The new memory unit is called Memory-X. This allows up to 120 trillion parameters to be processed by a single CS-2. This can scale from 4TB to 2.4PB capacity. This allows it to hold 200 billion to 120 trillion weights along with some optimizer state. It is built on a mixture of DRAM and flash storage. There is also some internal compute for weight update/optimize.

It has intelligent pipelining to mask latency. During the presentation, Cerebras went into some detail on how this works, but it is too detailed for this post.

But it scales out further. A SwarmX interconnect unit between the memory and the CS-2 boxes allows it to scale almost linearly up to 192 CS-2s.
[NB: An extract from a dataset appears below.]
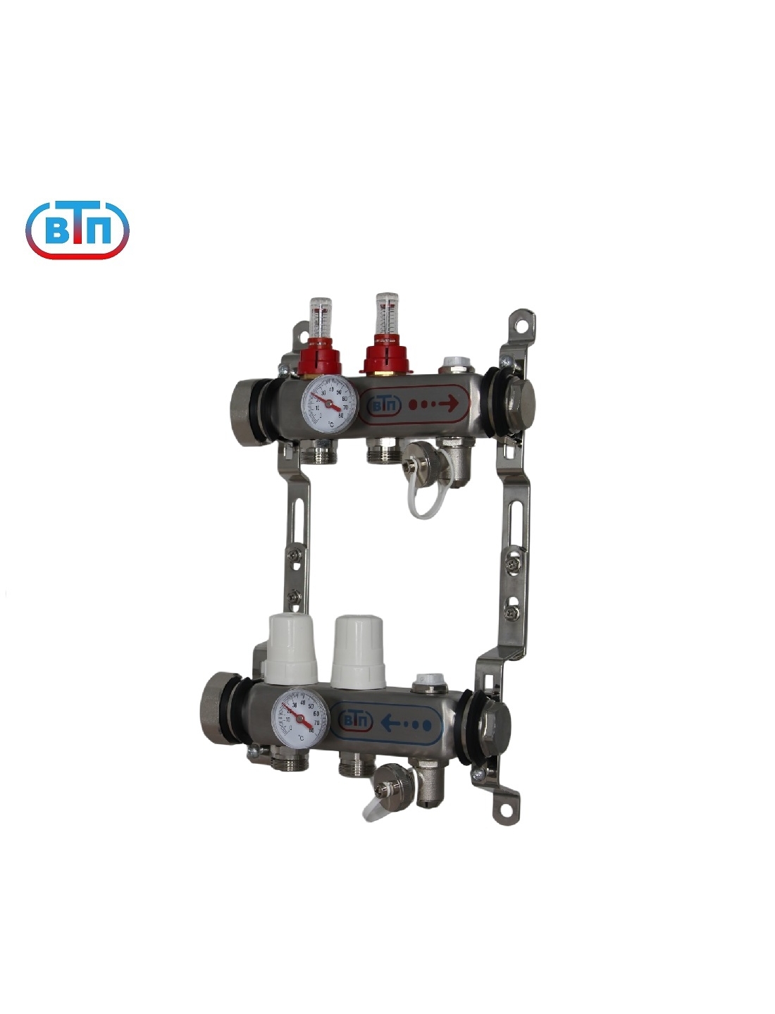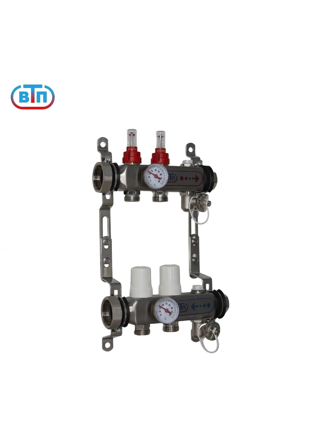 Из нержавеющей стали. Расходомеры "Taconova" (Швеция), регулирующие вентили. С обоих торцов внутренняя резьба 1", с одной стороны заглушки 1", надежные ручные воздухоспускники, поворотные дренажные вентили (никелированная латунь). Раздвижные кронштейны. Предназначена для подключения 2 контуров. С левой стороны коллекторов резьбовые отверстия 1" с накидной гайкой , с правой стороны заглушки 1". Выход каждого контура снабжён регулирующим вентилем с резьбовым монтажным элементом, предназначенным для установки сервопривода или термоголовки с резьбой М30х1,5. На лицевой стороне коллекторов смонтированы защитные гильзы, в которые устанавливаются биметаллические термометры Ф40мм, со шкалой 0-80 гр.С. Ручные клапаны отвода воздуха исключают опасность самопроизвольного вытекания теплоносителя. Выход дренажного вентили поворачивается на 360 градусов, совместим соединителями «Евроконус». Обладает плавным открытием. Для присоединения трубопроводов выводы коллекторов выполнены с геометрией для подключения соединителей стандарта «Евроконус».

The wafers in the CS-2s are the matrix-multiplier arrays. You probably know that neural networks are mostly about matrix multiplication. The scale of CS-2 allows it to go up to 100K by 100K matrices. The weights are never stored on the CS-2s, they are streamed through from the memory, and in the case of multiple CS-2s, through the SwarmX simultaneously to all of them.

You won't be surprised to hear that they haven't actually built a real system with 192 CS-2s. But the graph above shows the projections, showing near-linear scaling. The ones that seem to fall off are not the biggest models but the smallest. There is just not enough computation going on with models with only 10B weights, so overhead starts to be significant.
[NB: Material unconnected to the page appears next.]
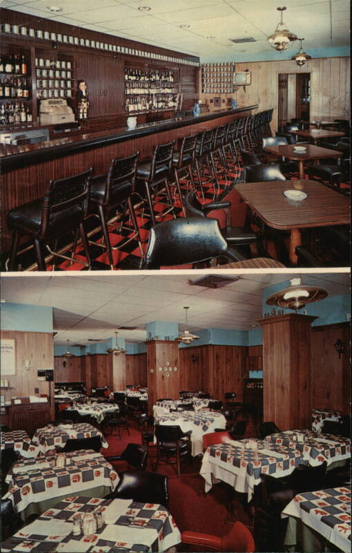 Cleveland's English Type Pub and Restaurant, featuring a long bar area with stools and dining rooms with checkered tablecloths. Known for its "Eye Of The Rib" and Hamburger.

This weight streaming model makes programming straightforward since a workload is mapped onto multiple CS-2s just as if it was a single bigger system.

So the final value proposition is:

  • 120T parameter capacity on a CS-2 system
  • 163M cores across up to 192 CS-2 systems
  • 10X acceleration of unstructured sparsity
  • Push-button scaling ease

They think they can train GPT-3 in a day, or a 1T parameter model over a weekend.